Since the listing below shows pictures, leave them out and write out exactly the lines from the line with "рет бойынша басыңыз, сонда" to the line with "- Calculate the", both included, and no others.

Collected data:
────────────────────

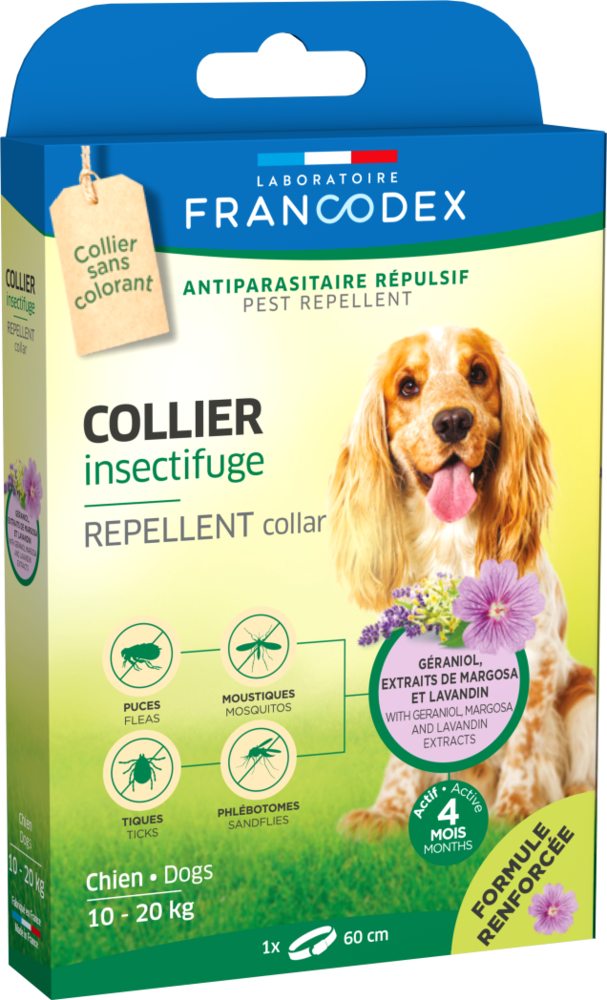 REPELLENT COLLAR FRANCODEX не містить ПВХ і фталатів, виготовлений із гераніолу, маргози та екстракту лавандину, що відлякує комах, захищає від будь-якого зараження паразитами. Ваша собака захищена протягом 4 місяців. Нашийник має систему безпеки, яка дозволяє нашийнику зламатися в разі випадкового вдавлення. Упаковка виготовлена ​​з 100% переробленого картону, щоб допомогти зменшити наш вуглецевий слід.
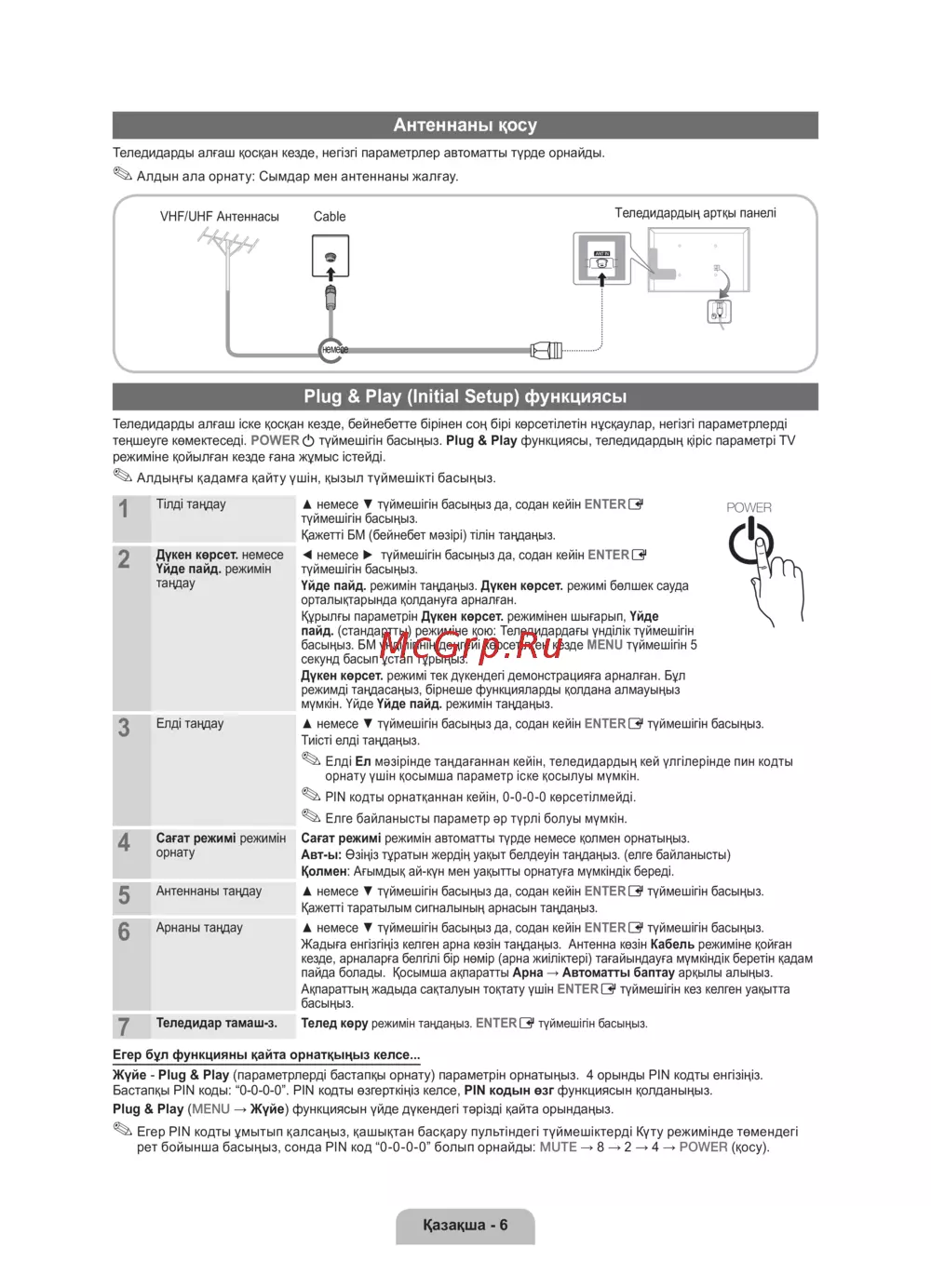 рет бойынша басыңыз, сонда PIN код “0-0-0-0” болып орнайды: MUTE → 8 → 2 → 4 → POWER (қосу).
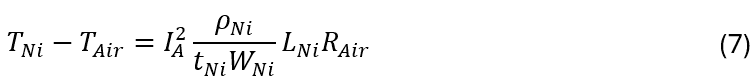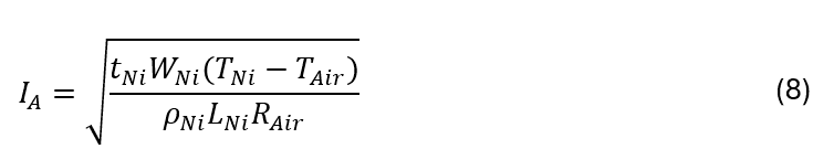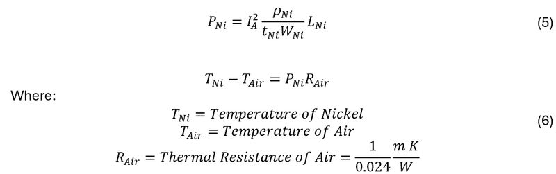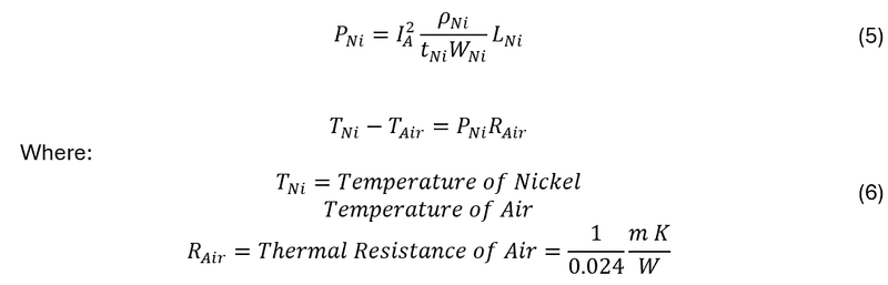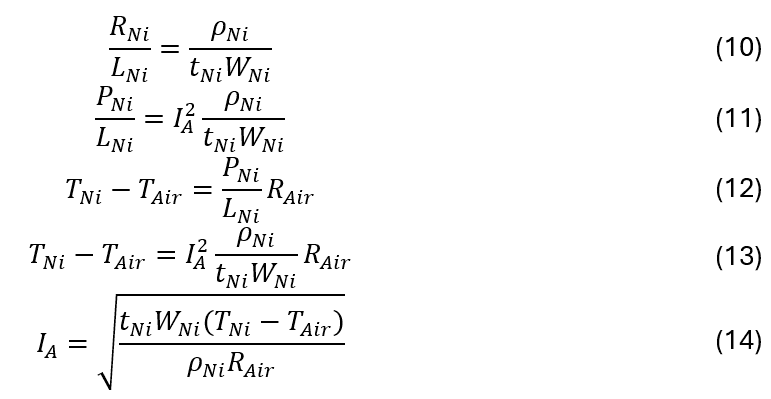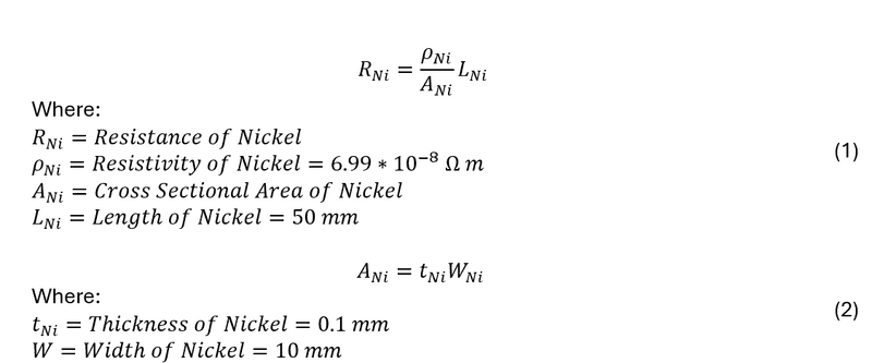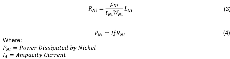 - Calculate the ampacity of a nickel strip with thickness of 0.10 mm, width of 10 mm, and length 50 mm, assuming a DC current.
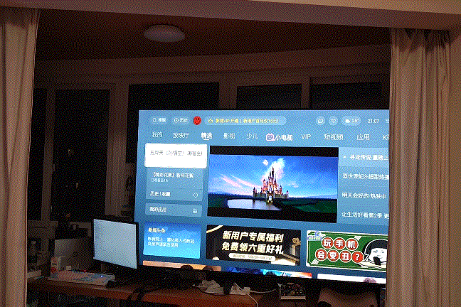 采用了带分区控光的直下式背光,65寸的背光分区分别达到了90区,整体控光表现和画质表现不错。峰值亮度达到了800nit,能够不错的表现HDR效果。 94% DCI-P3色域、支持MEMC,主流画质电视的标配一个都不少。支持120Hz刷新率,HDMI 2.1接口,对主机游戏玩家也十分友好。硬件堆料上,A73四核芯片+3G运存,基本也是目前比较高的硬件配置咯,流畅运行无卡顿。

────────────────────

Solution to this task:
 рет бойынша басыңыз, сонда PIN код “0-0-0-0” болып орнайды: MUTE → 8 → 2 → 4 → POWER (қосу).
 - Calculate the ampacity of a nickel strip with thickness of 0.10 mm, width of 10 mm, and length 50 mm, assuming a DC current.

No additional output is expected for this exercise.